The Airlift Research Foundation is built on the success—and the legacy—of The Aircast Foundation to support orthopedic research.

physical rehabilitation

In 2008, The Aircast Foundation Board of Directors formed the Airlift Research Foundation as a charitable, public foundation with an expanded mission to fund orthopaedic research, increase public awareness of traumatic war injuries to military and civilian survivors worldwide, and collaborate with other groups that have similar interests. The Foundation continues to promote excellence in clinical scientific research in orthopaedics and promote the vision of Glenn Johnson, Jr., founder of The Aircast Foundation, to foster the careers of young investigators, clinicians and clinician scientists by helping them to shed light on some of the most complicated problems and difficult challenges in the field of orthopaedics.

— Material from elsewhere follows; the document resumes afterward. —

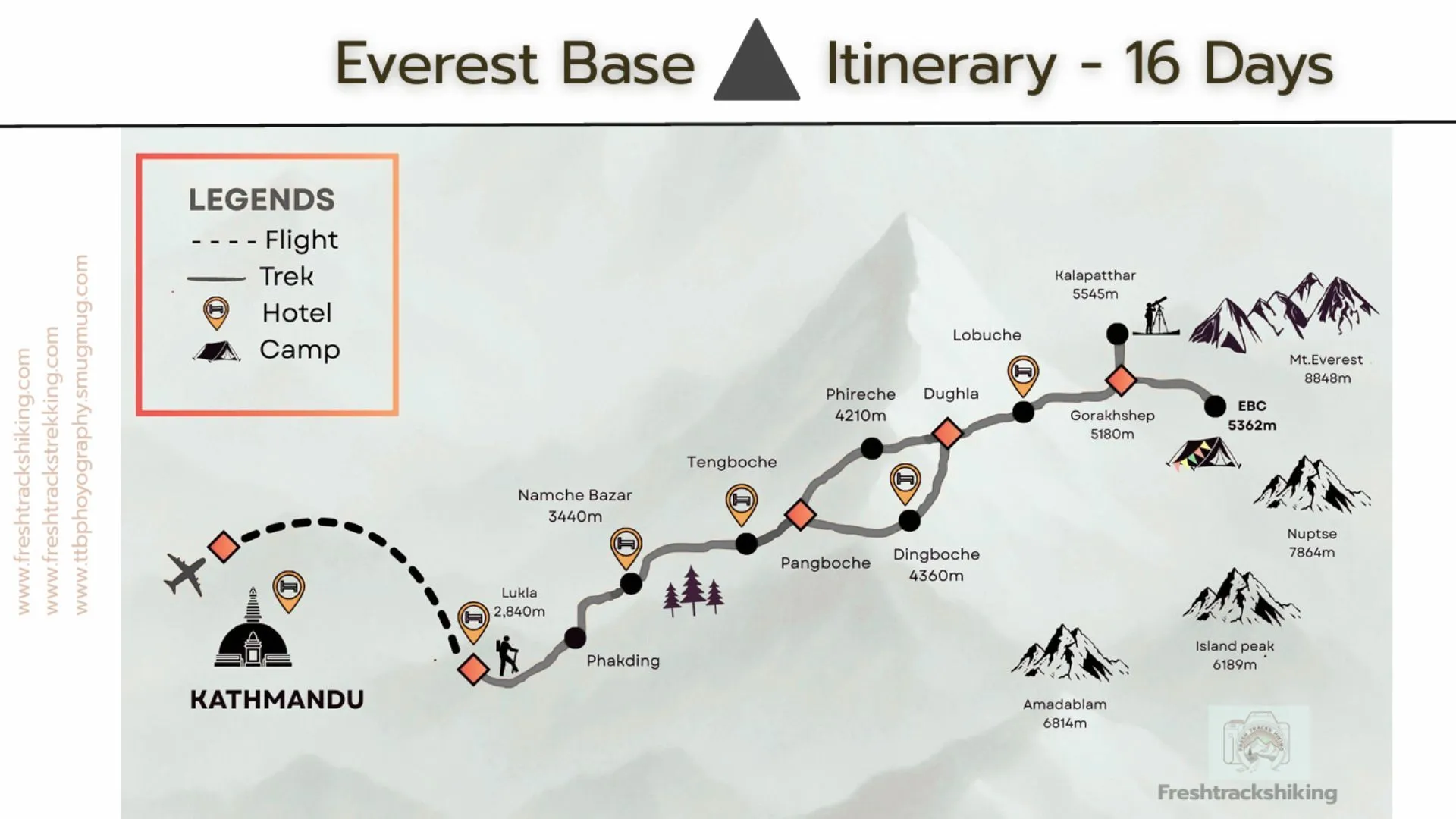 2 nights in a four starhotel in Kathmandu, 12 nights in teahouses on the trail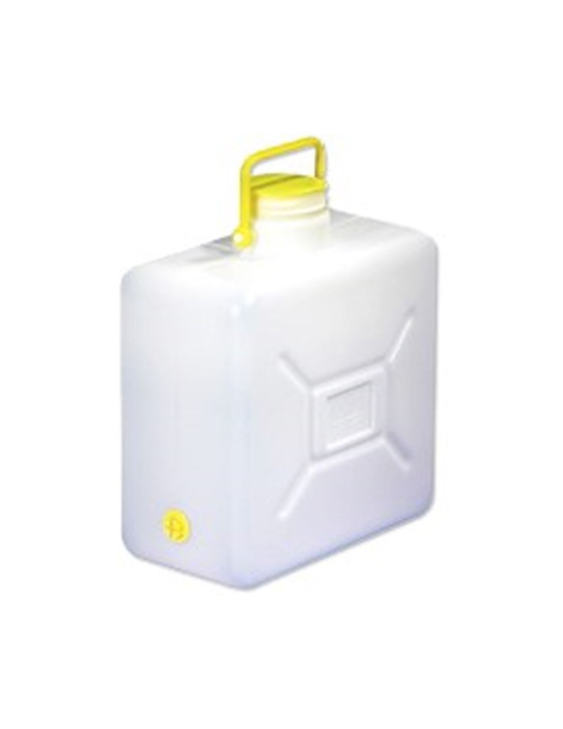 Depósito de agua de 10 litros de boca ancha con tapón de cierre DIN96 y grifo Material de polietileno natural. Dimensiones 36x27x14 cm Capacidad 10 litros.

Since 1996, The Aircast Foundation has awarded 40 grants totaling $3.9 million to 30 academic institutions in 17 states. Five Grantees received a prestigious Kappa Delta award, and many others have received major research awards as well as professional recognition and advancement. The Aircast Foundation's Grantees have subsequently received $36.8 million in extramural funding, inclusive of $29 million from NIH and DOD, leveraging by nearly 10 times the original funds invested by The Aircast Foundation.

The Airlift Research Foundation will carry forward this standard by continuing to search for sources of research excellence and new areas of unexplored research. We will raise funds for valuable, advanced translational research including techniques of debridement, antibiotic treatment and infection control, management of open fractures, abnormal bone regrowth (heterotopic ossification), regenerative medicine treatments for segmental bone defects and limb regeneration, as well as the potential development of improved amputation techniques and outcomes. We will increase public awareness not only through the dissemination of information related to on-going studies, but also through continued efforts to improve upon the understanding of the critical need for further investigation in this area of scientific research.